*** Opening of Materials provided ***
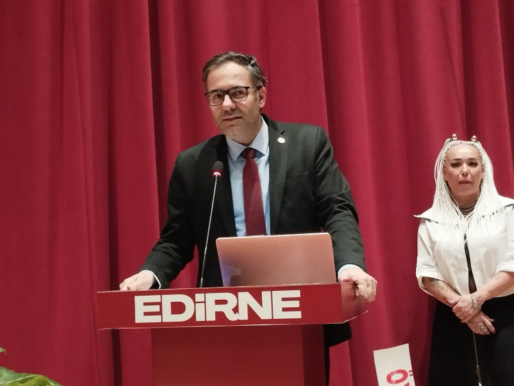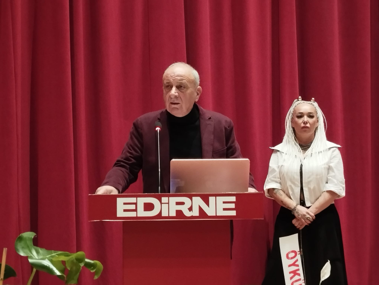 Sergi açılışında konuşan Edirne Belediye Başkan Yardımcısı Cenk Ergüden ise her fotoğrafın belge niteliği taşıdığına değinerek, “Ben mesleğim sebebiyle mimari fotoğraf ve sanatsal fotoğraf üzerine biraz çalışmalarda bulunmuştum bir insanım. Fotoğrafın özellikle belge niteliğinin altını çizmekte fayda olduğunu düşünüyorum. Neticede bir fotoğraf çekildiği anda belge haline geliyor. Bugün baktığımız zaman çok eski Yeşilçam filmlerindeki sinema kareleri bir restorasyon için kullanılabilir belge niteliği taşıyor. Bunların örnekleri yaşandı. Herhangi bir hatıra fotoğrafında bir binaya dair ya da bir çevreye dair bir kayıt varsa bu kayıt yine bahsettiğimiz usulde birtakım konularda belge niteliği olarak resmi işlemlere de tabii tutulabiliyor” dedi.
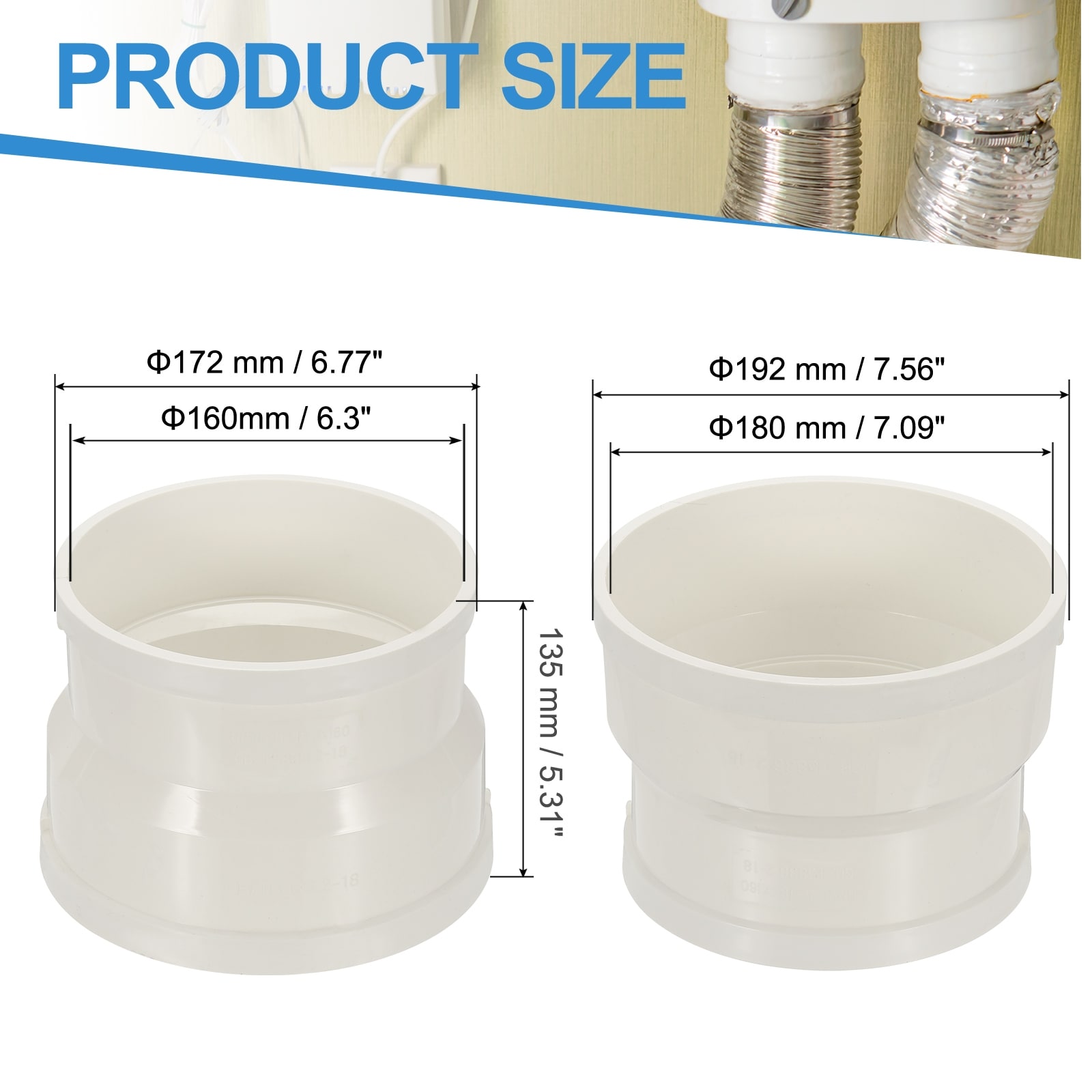 Duct Reducer, Pipe Increaser Adapter Ducting Airflow Tube Pipe Fittings - White
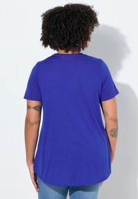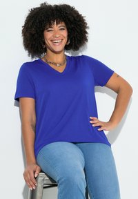 Tričko s krátkým rukávem a výstřihem do V v královské modři, vyrobené z měkkého materiálu. Má volný střih a končí těsně pod pasem.
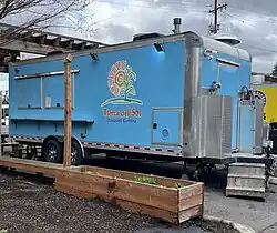 Tierra del Sol's chef is Amalia Sierra, a former social worker who opened her first cart at the Portland Mercado in 2015.[9] In 2020, a second location opened with a similar menu at Rocket Empire Machine, a food hall in the northeast Portland part of the Montavilla neighborhood.[5] Sierra has also shared plans to operate a food cart at Brooklyn Carreta.[13]
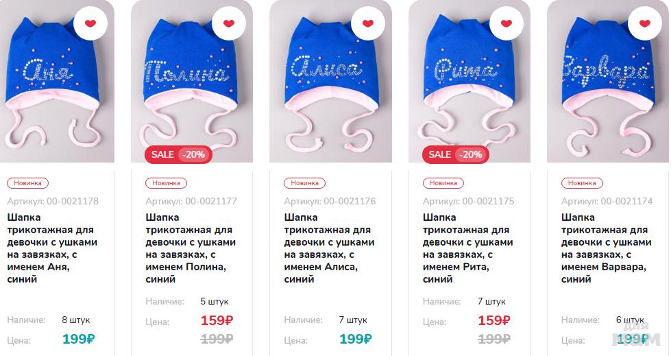 РусБубон. Шапочки трикотажные с именем- 159 руб.
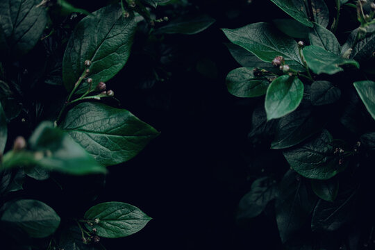 Green leaves of evergreen bush close up as dark floral botanical natural background pattern wallpaper backdrop, Cotoneaster lucidus, cold coloring shrub
*** Close of Materials provided ***
◆ Work task
Restate the entire listing word for word, excluding pictures.

◆ Expected answer
 Sergi açılışında konuşan Edirne Belediye Başkan Yardımcısı Cenk Ergüden ise her fotoğrafın belge niteliği taşıdığına değinerek, “Ben mesleğim sebebiyle mimari fotoğraf ve sanatsal fotoğraf üzerine biraz çalışmalarda bulunmuştum bir insanım. Fotoğrafın özellikle belge niteliğinin altını çizmekte fayda olduğunu düşünüyorum. Neticede bir fotoğraf çekildiği anda belge haline geliyor. Bugün baktığımız zaman çok eski Yeşilçam filmlerindeki sinema kareleri bir restorasyon için kullanılabilir belge niteliği taşıyor. Bunların örnekleri yaşandı. Herhangi bir hatıra fotoğrafında bir binaya dair ya da bir çevreye dair bir kayıt varsa bu kayıt yine bahsettiğimiz usulde birtakım konularda belge niteliği olarak resmi işlemlere de tabii tutulabiliyor” dedi.
 Duct Reducer, Pipe Increaser Adapter Ducting Airflow Tube Pipe Fittings - White
 Tričko s krátkým rukávem a výstřihem do V v královské modři, vyrobené z měkkého materiálu. Má volný střih a končí těsně pod pasem.
 Tierra del Sol's chef is Amalia Sierra, a former social worker who opened her first cart at the Portland Mercado in 2015.[9] In 2020, a second location opened with a similar menu at Rocket Empire Machine, a food hall in the northeast Portland part of the Montavilla neighborhood.[5] Sierra has also shared plans to operate a food cart at Brooklyn Carreta.[13]
 РусБубон. Шапочки трикотажные с именем- 159 руб.
 Green leaves of evergreen bush close up as dark floral botanical natural background pattern wallpaper backdrop, Cotoneaster lucidus, cold coloring shrub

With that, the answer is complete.